Introduction
In my last article I talked about the sync system for our new GC Team Manager app and the trade-offs we considered in our design process. To reiterate, the high-level structure we settled on was a backend Pub/Sub service, with small granular updates, and we needed to account for the lack of ordering in message delivery. In this article I will cover how we implemented and made this sync system work.

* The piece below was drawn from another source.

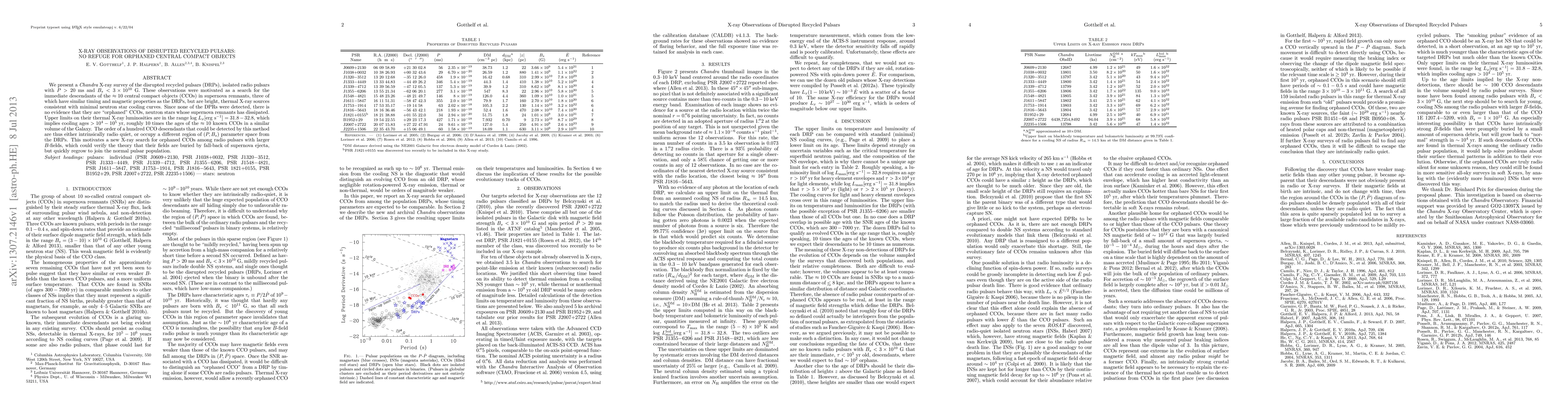 We present a Chandra X-ray survey of the disrupted recycled pulsars (DRPs), isolated radio pulsars with P > 20 ms and B_s < 3E10 G. These observations were motivated as a search for the immediate descendants of the approx. 10 central compact objects (CCOs) in supernova remnants, three of which have similar timing and magnetic properties as the DRPs, but are bright, thermal X-ray sources consistent with minimal neutron star cooling curves. Since none of the DPRs were detected, there is no evidence that they are "orphaned" CCOs, neutron stars whose supernova remnants has dissipated. Upper limits on their thermal X-ray luminosities are in the range log Lx[erg/s] = 31.8-32.8, which implies cooling ages > 1E4 - 1E5 yr, roughly 10 times the ages of the approximately 10 known CCOs in a similar volume of the Galaxy. The order of a hundred CCO descendants that could be detected by this method are thus either intrinsically radio quiet, or occupy a different region of (P,B_s) parameter space from the DRPs. This motivates a new X-ray search for orphaned CCOs among radio pulsars with larger B-fields, which could verify the theory that their fields are buried by fall-back of supernova ejecta, but quickly regrow to join the normal pulsar population.

I mentioned in the last post that part of the reason we settled on Pub/Sub was because we could use an iterative approach instead of all or nothing. This iteration broke down into two distinct parts, Asynchronous Polling Sync and Pub/Sub Sync. Asynchronous Polling Sync relied on Asynchronous Polling and topic updates. Pub/Sub Sync built device notification on top of Pub/Sub Sync. I will describe each in turn.
Asynchronous Polling Sync
The goal of Asynchronous Polling Sync was to solve a few distinct problems. First, it focused on building an algorithm that was resilient to out-of-order messages received by the devices. Second, it focused on turning backend database updates into targeted sync topic updates. To simplify the initial build, Asynchronous Polling Sync specifically avoided solving the problem of pushing topic updates to the devices themselves. It did this by allowing the devices to use Asynchronous Polling to get all updates. Switching from Asynchronous Polling to direct topic updates is the provenance of Pub/Sub Sync. I will cover each part of Asynchronous Polling Sync.
Asynchronous Polling Sync Algorithm
Handling Out of Order Messages
When thinking about the out-of-order messaging problem, the goal is to ensure that no matter what order message are received in, all devices will end up in a consistent state. When we were thinking through possible ways to do this in our sync system, we realized that the type of message being sent can help you solve this problem. As a demonstration I will consider three types of updates the backend could send to the app: send the data values of the updates, send the type of data change(update, delete, etc), or just send the id of the thing that changed.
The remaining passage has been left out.